Equilibrium "wetting" of surfaces by membrane-covered vesicles.

"Wetting" of surfaces by thin-membrane capsules is the central process involved in coagulation of suspensions of surfactant membrane vesicles and other-related phases of microemulsions. Although equilibrium "wetting" by membrane capsules appears similar to the macroscopic wetting by liquid droplets, there are important differences: i.e. membrane tension (in place of liquid-interfacial tension) and "effective" contact angle are not fixed constants. Since membranes are condensed-cohesive materials with limited permeability, geometric restrictions (surface area and enclosed volume) are the principal determinants of the extent of contact with a substrate (and "effective contact angle) for "strong" adhesion energies.

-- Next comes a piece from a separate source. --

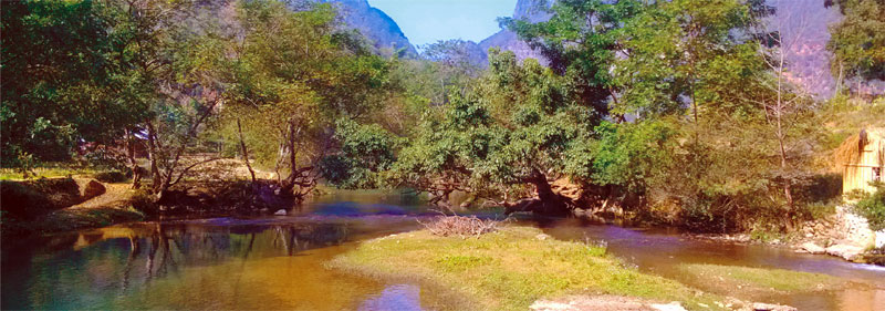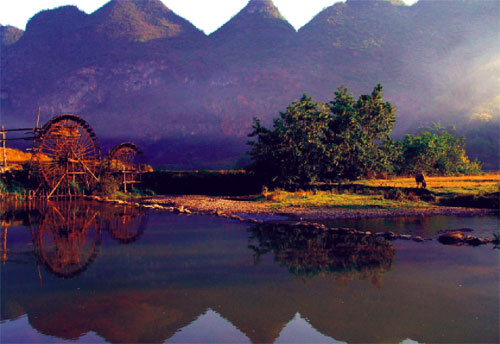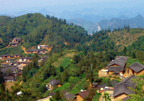 馱娘江消失在湯拿洞前,在猴爬巖洞后流經(jīng)一片崇山峻嶺環(huán)抱的平壩,又從桃源洞逝去,這個壩子就叫壩美村,一個好親熱的壯家山寨,位于云南省廣南縣八達(dá)鄉(xiāng)和阿科鄉(xiāng)之間,與廣西西林縣相鄰,一個現(xiàn)實中的世外桃源。

Deviation from this universal feature arises when membrane-membrane attraction becomes sufficient to compete with membrane-substrate attraction; a transition is predicted from maximal contact with the substrate to partial substrate contact plus membrane lamination by self adhesion. Following the transition, the "effective" contact angle is determined by the ratio of self adhesion: substrate adhesion energies. A critical condition is established for the transition by the area excess (over a sphere of equivalent volume). Because of the exceptional flexibility of fluid membranes, thermal excitations produce long-wavelength collective motions and significant shape fluctuations. Restriction of fluctuations (by area: volume constraints and adhesion) lead to unconventional elastic response and crossover from "strong" to "weak" regimes of equilibrium "wetting" for membrane capsules.